### [Data provided]
++++++++

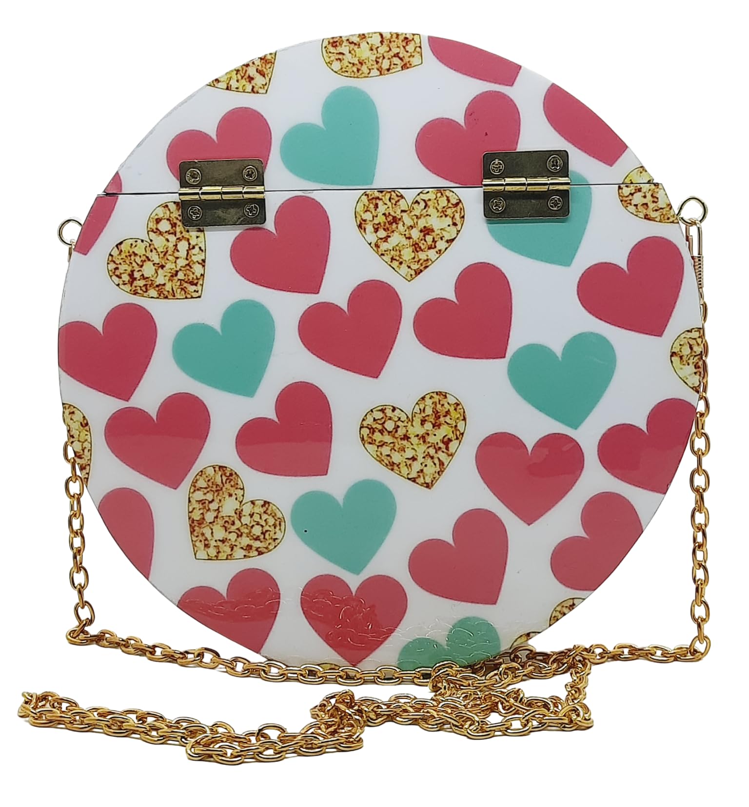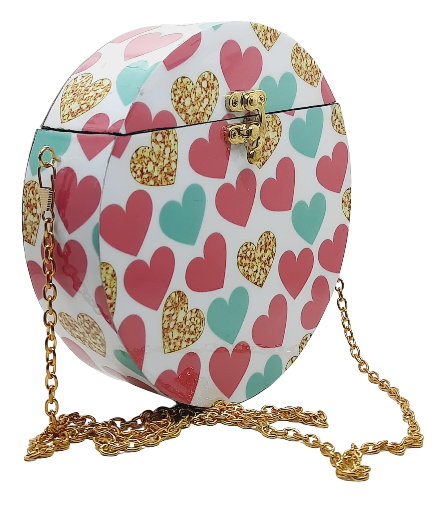 Trend Overseas Women's Handmade Wooden Printed Round Ethnic Clutch Bag/Bridal Purse/Handbag_Crossbody Sling Bags for Party (7.5 Inch) (Pink Heart)
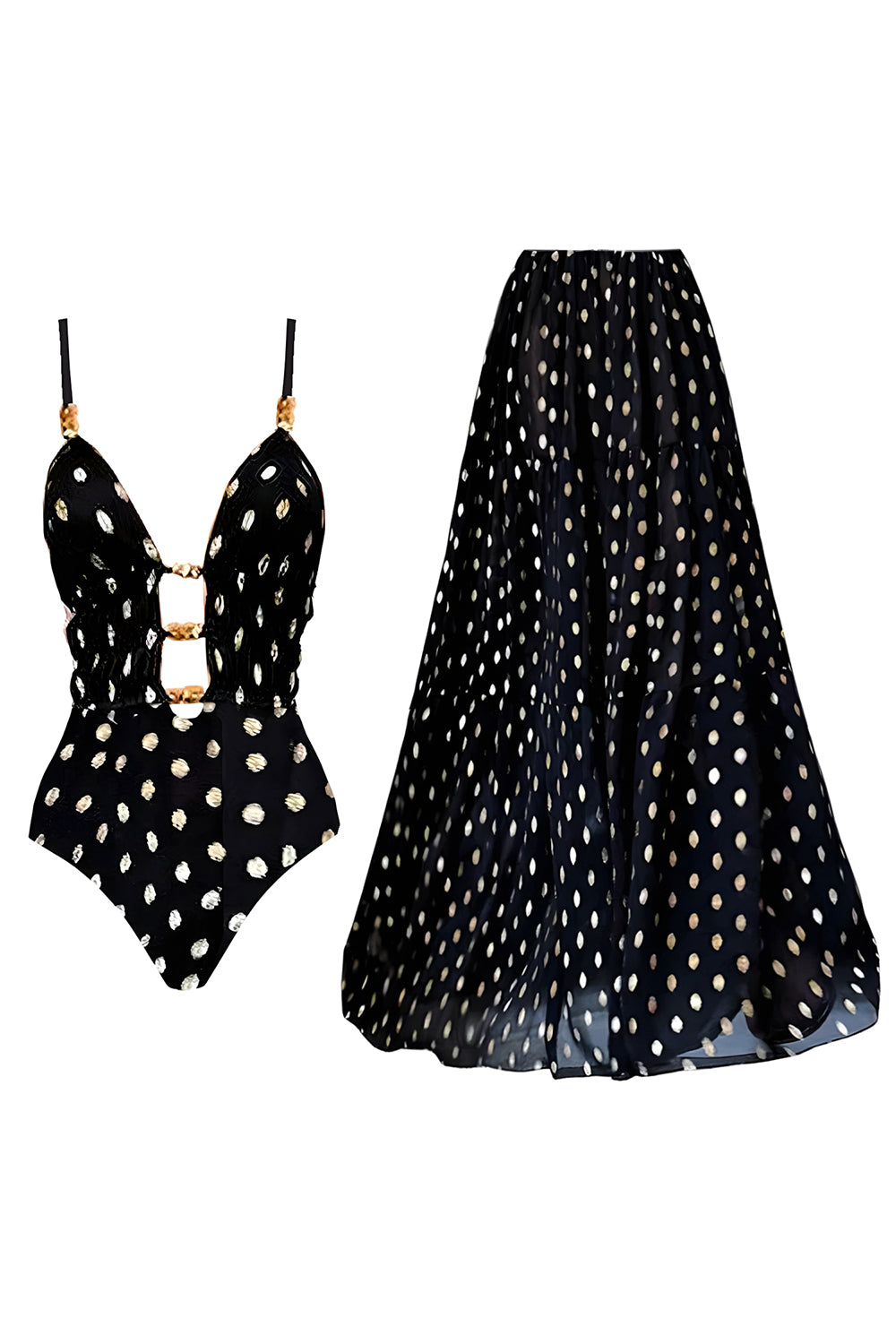 Maillot de bain à poches blanches noires à bretelles fines en deux pièces découpées avec couverture
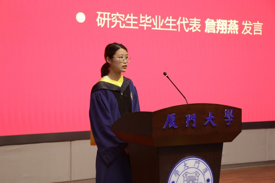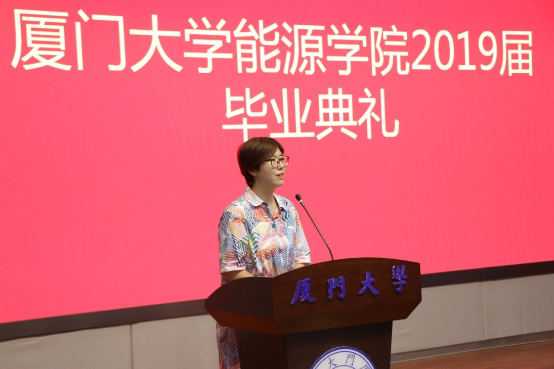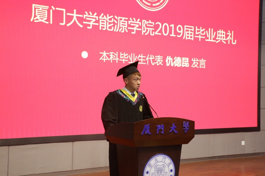 本科生毕业生代表仇德昆、研究生毕业生代表詹翔燕接着分享了毕业感想。仇德昆从感恩一切、勇敢担当和默默奉献三个方面讲述了自己作为“能源人”的成长故事,表达了自己与同学们将牢记“发展能源技术,共同改变世界”的学院目的,为真理、为国家、为世界贡献力量。詹翔燕分享了自己三年间感恩师友、学会理解与包容和感受希望与快乐的收获,希望能在自己未来的职业生涯中通过努力获得不断前行的希望与力量。

++++++++

### [Task requirements]
Extract the run of lines beginning with the line that holds "Maillot de bain" and ending at the last line of the data, inclusive. Exclude any pictures from the copy.

### [Answer to the problem]
 Maillot de bain à poches blanches noires à bretelles fines en deux pièces découpées avec couverture
 本科生毕业生代表仇德昆、研究生毕业生代表詹翔燕接着分享了毕业感想。仇德昆从感恩一切、勇敢担当和默默奉献三个方面讲述了自己作为“能源人”的成长故事,表达了自己与同学们将牢记“发展能源技术,共同改变世界”的学院目的,为真理、为国家、为世界贡献力量。詹翔燕分享了自己三年间感恩师友、学会理解与包容和感受希望与快乐的收获,希望能在自己未来的职业生涯中通过努力获得不断前行的希望与力量。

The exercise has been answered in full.